→ **Brief**
Transcribe the lines below exactly. No image belongs in the transcription.

→ **Collected data**
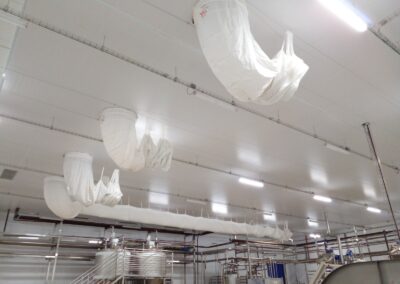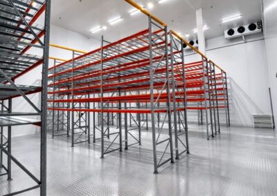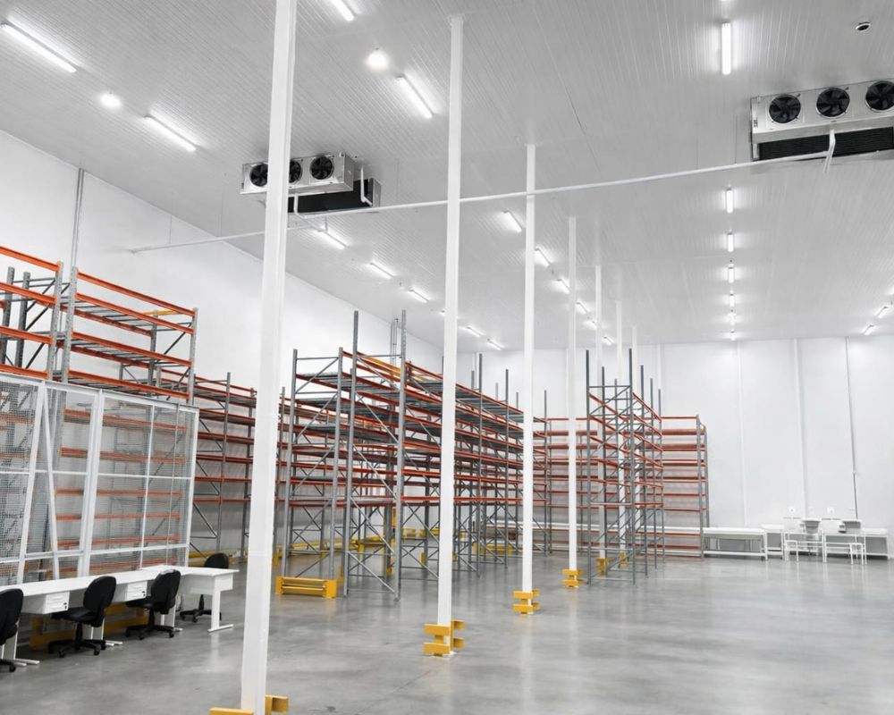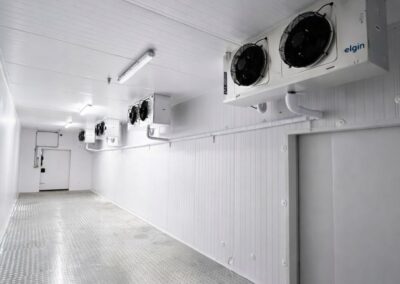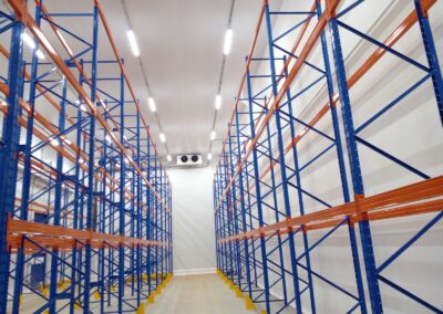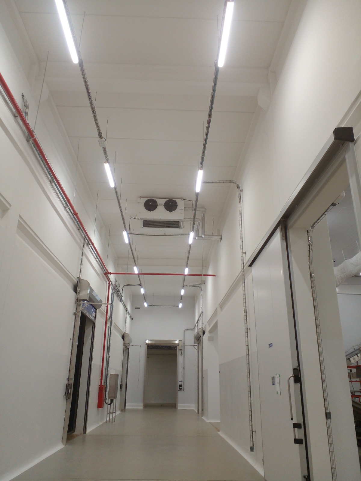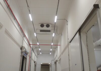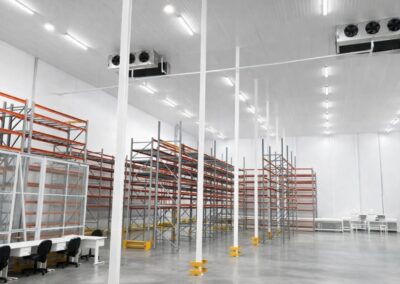 Elaboração de projeto e execução de instalação de Climatização e refrigeração de aproximadamente 10.000 m² de painéis isotérmicos, aproximadamente 40 unidades condensadoras (semi-herméticos) e forçadores de ar. Portas seccionais e corrediças. O sistema possibilita climatizações entre 2 a 8ºC e-25ºC para câmaras de congelados.
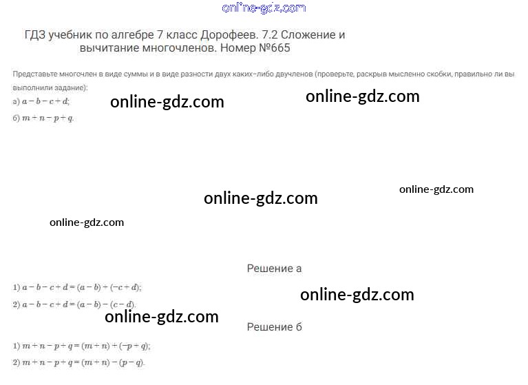 Готовые домашние задания по Алгебре за 7 класс Учебник Дорофеев, Суворова Академический школьный учебник 2020 - Упражнения 665
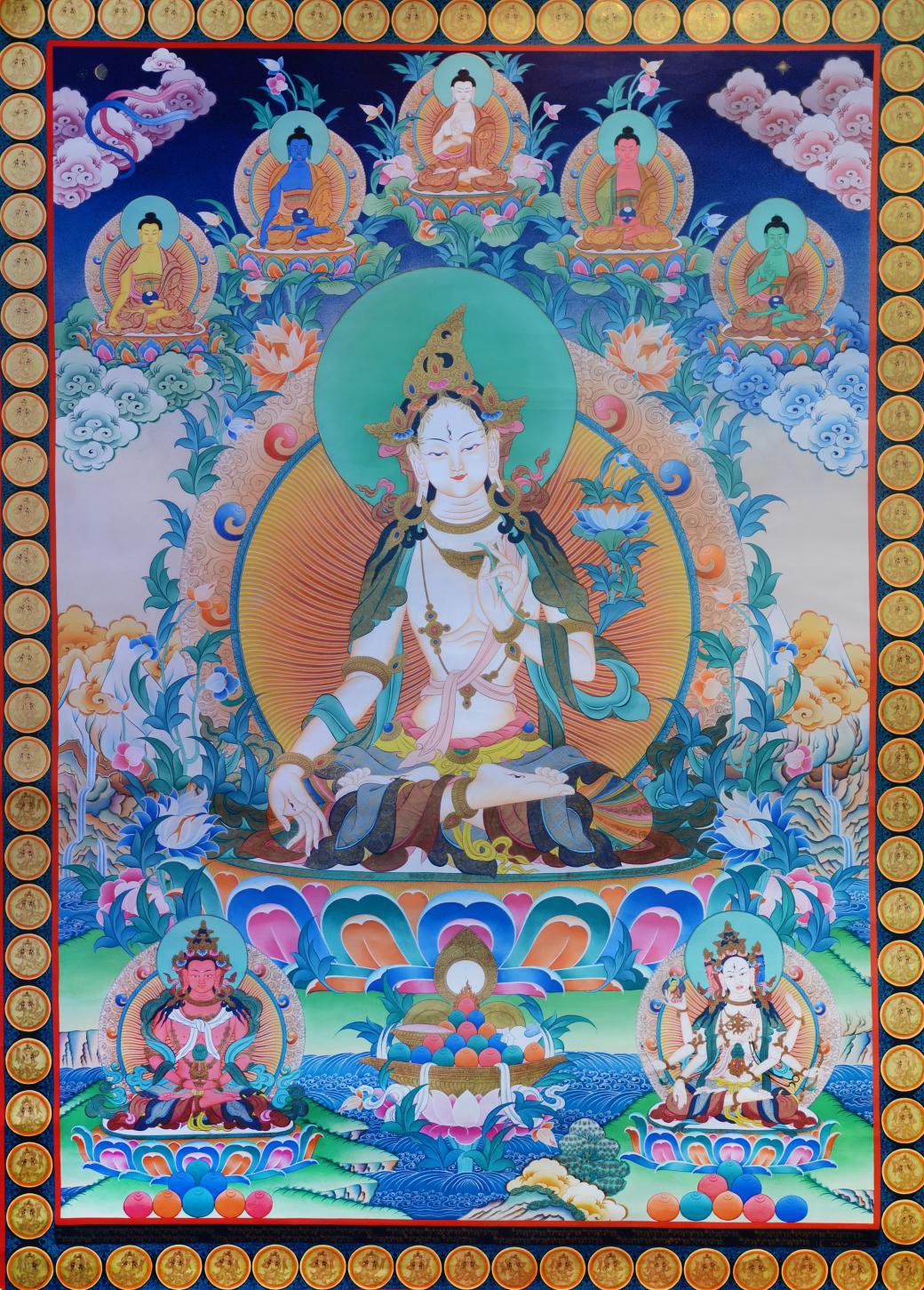 白度母(White Tara),藏音譯卓瑪嘎爾姆,又稱為增壽救度佛母,是觀世音菩薩的化身。觀世音有32種應(yīng)化身,僅其中的度母化身就可以變化為21位救度母,白度母即為圣救度佛母的二十一尊化身之一。在藏傳密教中,綠度母與白度母是二十一尊度母之中流傳最廣的。而藏密又常以長壽佛、白度母及尊勝佛母等三尊合稱為:“長壽三尊”。

→ **Answer**
 Elaboração de projeto e execução de instalação de Climatização e refrigeração de aproximadamente 10.000 m² de painéis isotérmicos, aproximadamente 40 unidades condensadoras (semi-herméticos) e forçadores de ar. Portas seccionais e corrediças. O sistema possibilita climatizações entre 2 a 8ºC e-25ºC para câmaras de congelados.
 Готовые домашние задания по Алгебре за 7 класс Учебник Дорофеев, Суворова Академический школьный учебник 2020 - Упражнения 665
 白度母(White Tara),藏音譯卓瑪嘎爾姆,又稱為增壽救度佛母,是觀世音菩薩的化身。觀世音有32種應(yīng)化身,僅其中的度母化身就可以變化為21位救度母,白度母即為圣救度佛母的二十一尊化身之一。在藏傳密教中,綠度母與白度母是二十一尊度母之中流傳最廣的。而藏密又常以長壽佛、白度母及尊勝佛母等三尊合稱為:“長壽三尊”。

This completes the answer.